И пошёл по скрипящей лестнице вверх, молодые за ним. Там, на хорах, стоял на столе без скатерти огромный самовар и ещё другая неупотребимая утварь. Он, видимо, жил один.
Саня с Ксеньей переглянулись. Теперь не сплошать.
Ввёл их в комнату с низким потолком, а стен совсем не видно: все они вкруговую и во всю высоту забраны книжными полками и книжными шкафами, а поверх шкафов ещё наложено плашмя книг и журналов.
Тут — и усадил их у круглого стола (тоже с навалом журналов, газет) на два старинных мягких стула с резными спинками, уже и шатких. И просил отпустить, он соберёт им чаю. Молодые дружно запротестовали, что они только на четверть часа и чтоб ради Бога не беспокоился.
Варсонофьев не стал спорить и уселся на такой же третий стул, а четвёртого и не было. Глазами, не избледневшими к старости и такими же глубинными, тёмно-блестящими, посмотрел на него, на неё. Саня ещё раз объяснял, что — в отпуске, на днях опять на фронт, а он невесте рассказывал о Павле Ивановиче — и вот...
Старик посматривал одобрительно.
— Радуюсь за вас. Дай Бог, чтоб обстоятельства вас не разъединили.
И это была — холодная правда, о которой они и знали, и боялись, и хотели бы не знать. И какие б ни пришли они радостные — а от этого не отвернёшься.

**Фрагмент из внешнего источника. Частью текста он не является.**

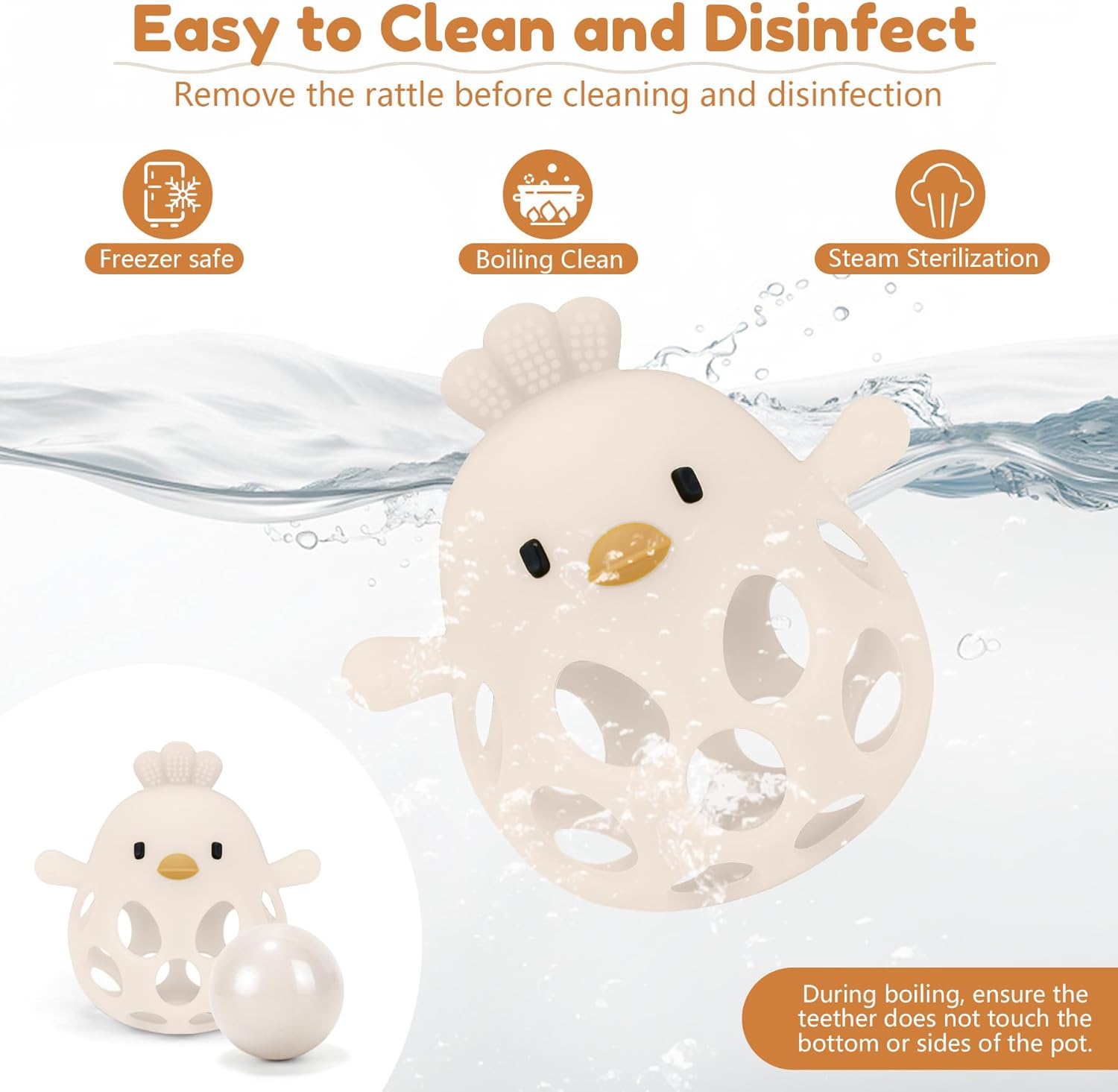Conçu pour simplifier le quotidien des parents, ce hochet est extrêmement facile à entretenir. Il se lave simplement avec de l’eau tiède et un savon doux, ou peut être placé au lave-vaisselle pour un nettoyage encore plus pratique. Pour une hygiène optimale, vous pouvez également stériliser la partie en silicone dans de l’eau bouillante (en retirant le hochet au préalable) pendant moins d’une minute.

— Да, — согласился Саня. — Наверно всякое, всяко может повернуться. Ближнее будущее — темно. А то, что мы видим, — печально. Разброд. Все в разные стороны.
— С армией-то — плохо?..
— Плохо.
Саня рассказал немного.
Кивнул старик:
— Россия казалась таким стройным целым. А вот — закрутились самодвижущие части. И много их. И внезапно новое над русской землёй — дух низости, стало тяжело дышать. И, вы заметили? — люди теперь стали говорить с большой оглядкой, чего два месяца назад не было. Тогда — говорили, что кому взбредёт. А теперь — боятся, и все в одну сторону.
— Это, пожалуй, да, есть.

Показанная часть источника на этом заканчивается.